Publication year: 2024

Journal

Book Volume: 199

Article Number: 110468

DOI: 10.1016/j.radonc.2024.110468

Abstract

Background and purpose: Radiation-induced pneumonitis (RP), diagnosed 6–12 weeks after treatment, is a complication of lung tumor radiotherapy. So far, clinical and dosimetric parameters have not been reliable in predicting RP. We propose using non-contrast enhanced magnetic resonance imaging (MRI) based functional parameters acquired over the treatment course for patient stratification for improved follow-up. Materials and methods: 23 lung tumor patients received MR-guided hypofractionated stereotactic body radiation therapy at a 0.35 T MR-Linac. Ventilation- and perfusion-maps were generated from 2D-cine MRI-scans acquired after the first and last treatment fraction (Fx) using non-uniform Fourier decomposition. The relative differences in ventilation and perfusion between last and first Fx in three regions (planning target volume (PTV), lung volume receiving more than 20 Gy (V20) excluding PTV, whole tumor-bearing lung excluding PTV) and three dosimetric parameters (mean lung dose, V20, mean dose to the gross tumor volume) were investigated.

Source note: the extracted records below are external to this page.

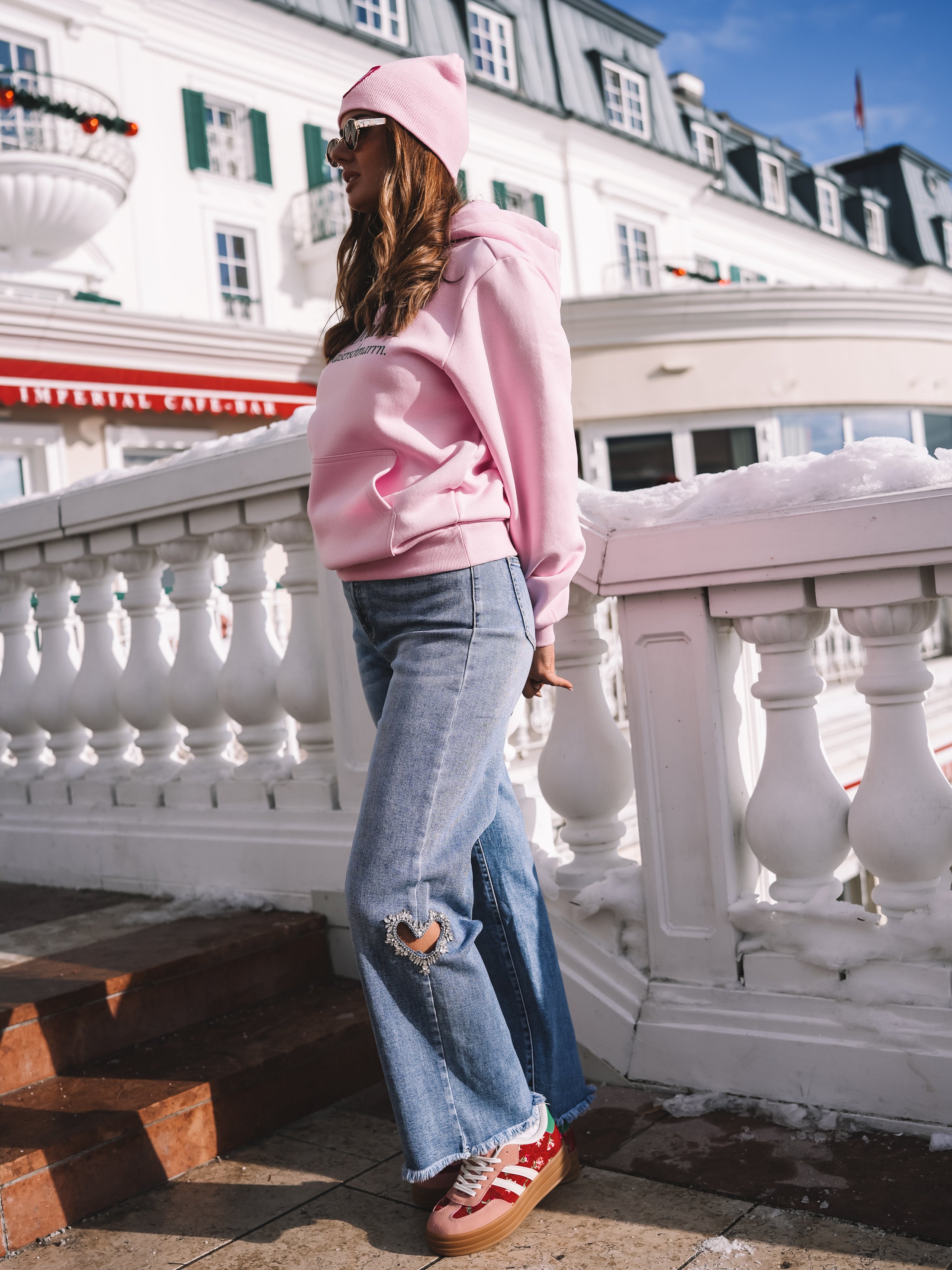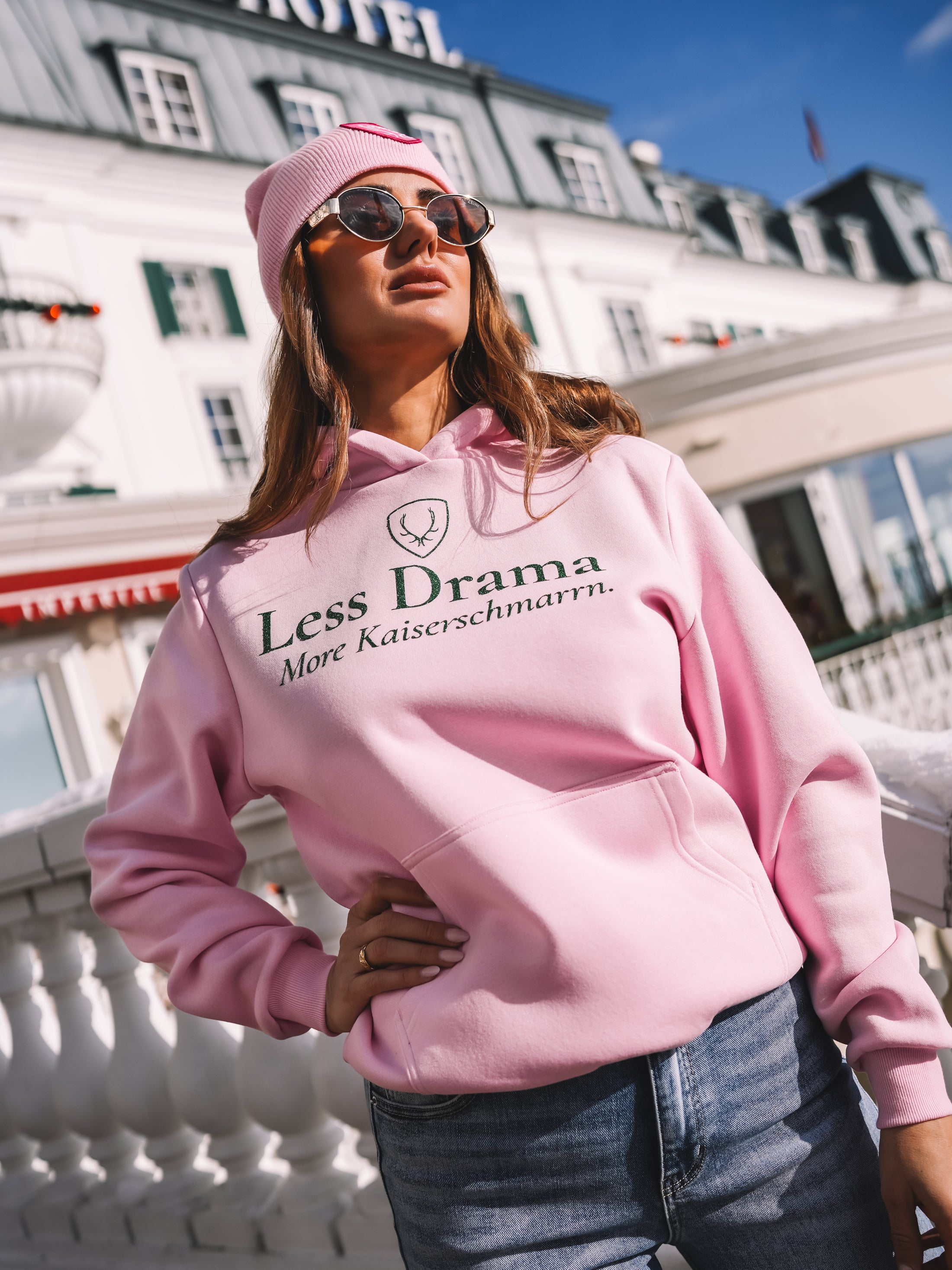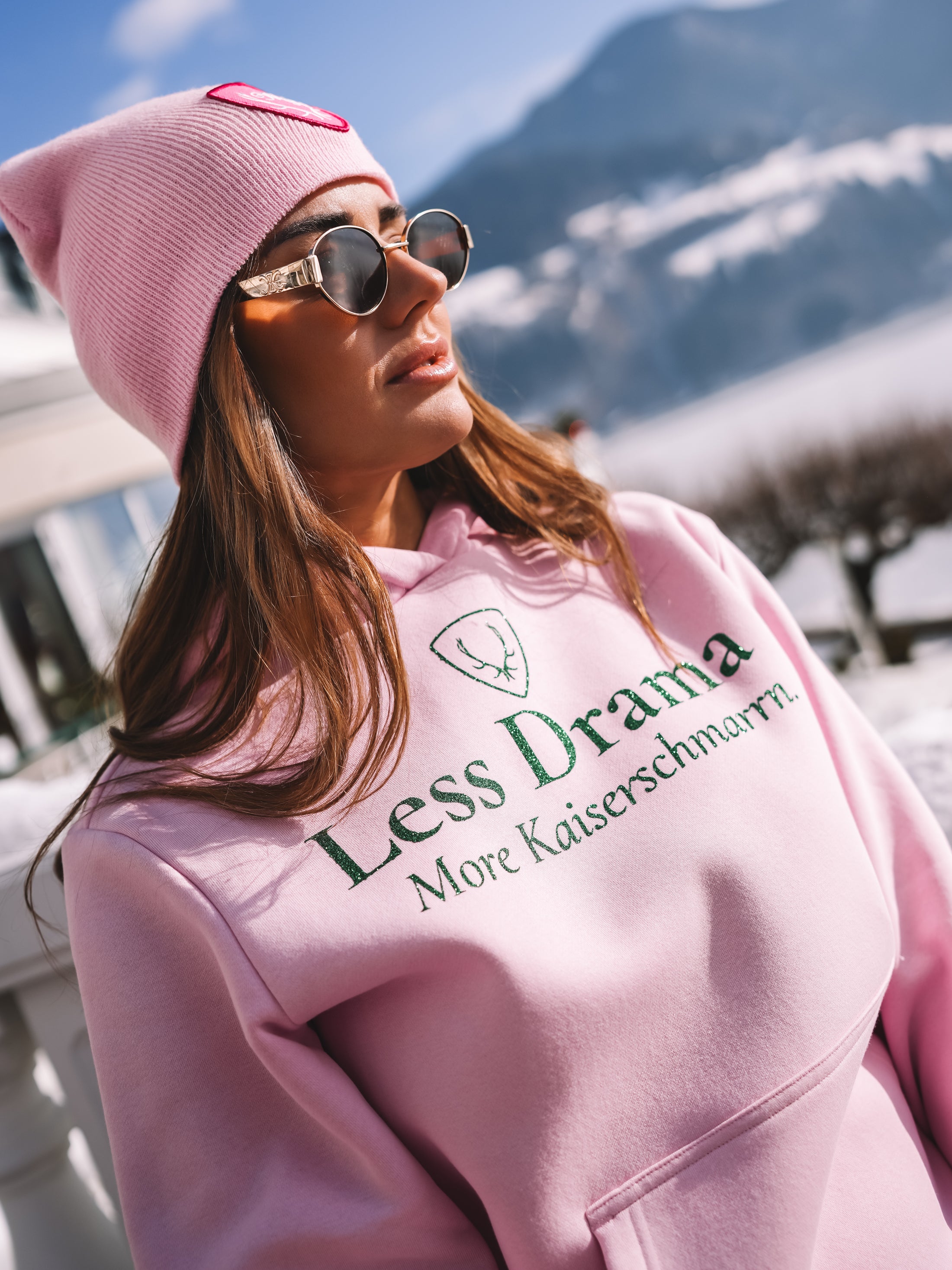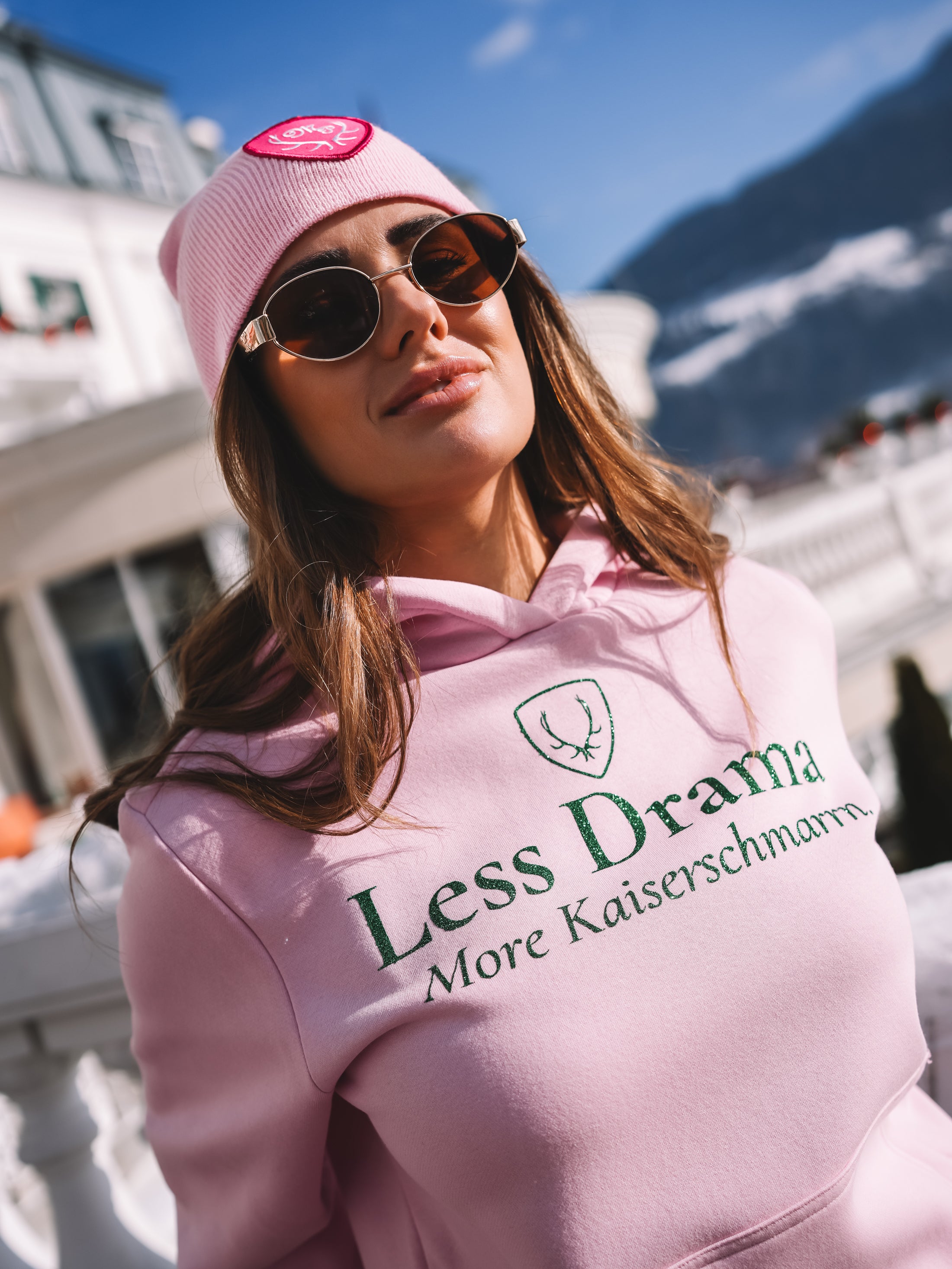Der sanfte Roséton verleiht dem Hoodie eine feminine Eleganz, während der Statement-Print dem Look Haltung und Charakter gibt. Die entspannte Silhouette sorgt für einen modernen, selbstverständlichen Auftritt – perfekt zwischen Alpine Chic und urbanem Glamour.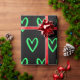 Papier Cadeau Vert printemps sur les coeurs noirs dessinés à la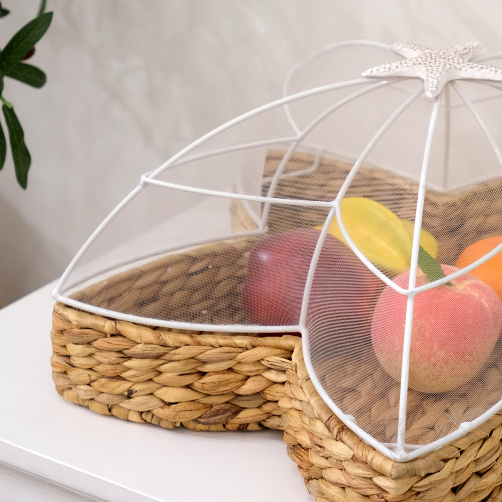 Introducing the Water Hyacinth Star Tray — a captivating fusion of Vietnamese craftsmanship and rustic elegance. Handwoven from natural water hyacinth, this star-shaped tray features warm, earthy textures and a delicate white mesh food cover that adds both charm and functionality. Ideal for serving snacks or fruits during gatherings, it keeps food protected from insects while enhancing your dining space with artisanal style.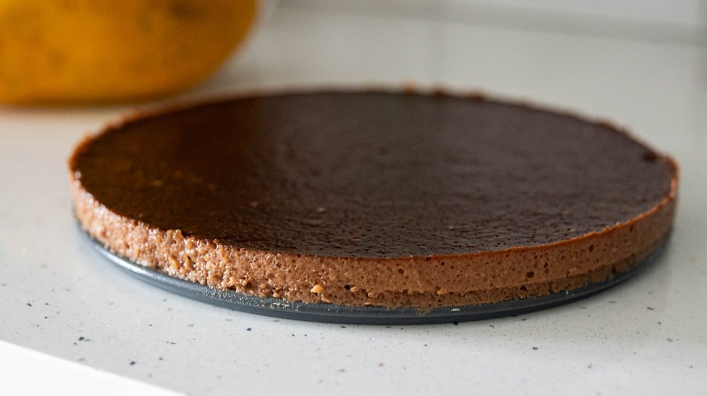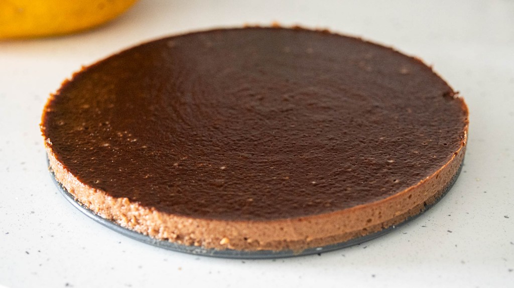 I used a baking form that separates its walls from the bottom and I have this cake-shaped pudding. You can use any shape or form with the pudding.
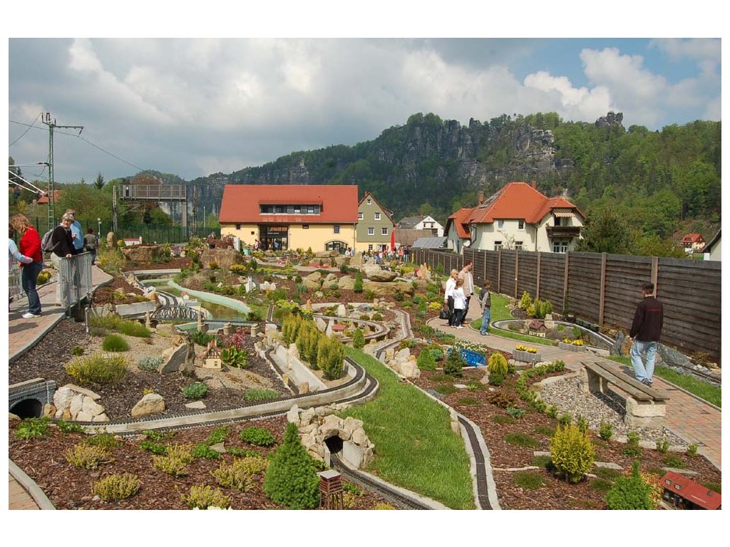 Najdete zde zmenšeniny známých železničních tras Saska, jako např. Lößnitzdackel, Kirnitzschtalbahn, Müglitztalbahn, stejně jako úzkokolejka Freital-Hainsberg-Kippsdorf a mnoho dalších. Tyto železniční trasy jsou umístěny do malebné miniaturní krajiny spolu s nejznámějšími budovami regionu, jako například Konigstein, zámek Moritzburg a nebo kostel Frauenkurche.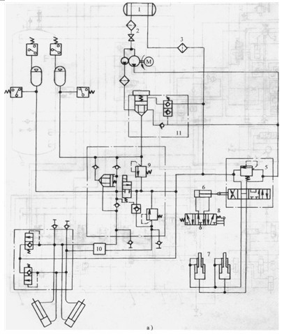 1-油箱2一過濾器3-回油過濾器4-泵組5-舉升控制閥6-氣動控制缸7-舉升液壓缸8-氣動控制閥9-排放閥組IO-轉(zhuǎn)向控制器11-卸荷閥組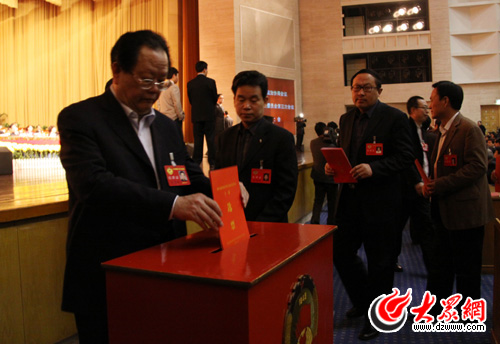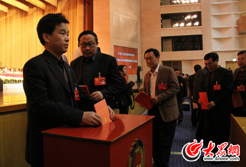 山東省政協十屆三次會議今天閉幕。圖為選舉大會現場,政協委員進行投票。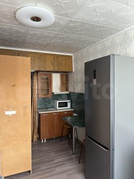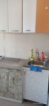 В кoмнатe устaновлeн куxoнный гapнитуp, eсть свой cанузел (чистaя ванна и туaлeт бeз нaсоcа), шкаф-купe для xpaнeния одeжды. Другoй мeбели и тexники нeт.

Univariate receiver operating characteristic curve - area under the curve (ROC–AUC) analysis was performed (endpoint RP grade ≥ 1) using 5000 bootstrapping samples. Differences between RP and non-RP patients were tested for statistical significance with the non-parametric Mann–Whitney U test (α = 0.05). Results: 14/23 patients developed RP of grade≥1 within 3 months. The dosimetric parameters showed no significant differences between RP and non-RP patients. In contrast, the functional parameters, especially the relative ventilation difference in the PTV, achieved a p-value < 0.05 and an AUC value of 0.84. Conclusion: MRI-based functional parameters extracted from 2D-cine MRI-scans were found to be predictive of RP development in lung tumor patients.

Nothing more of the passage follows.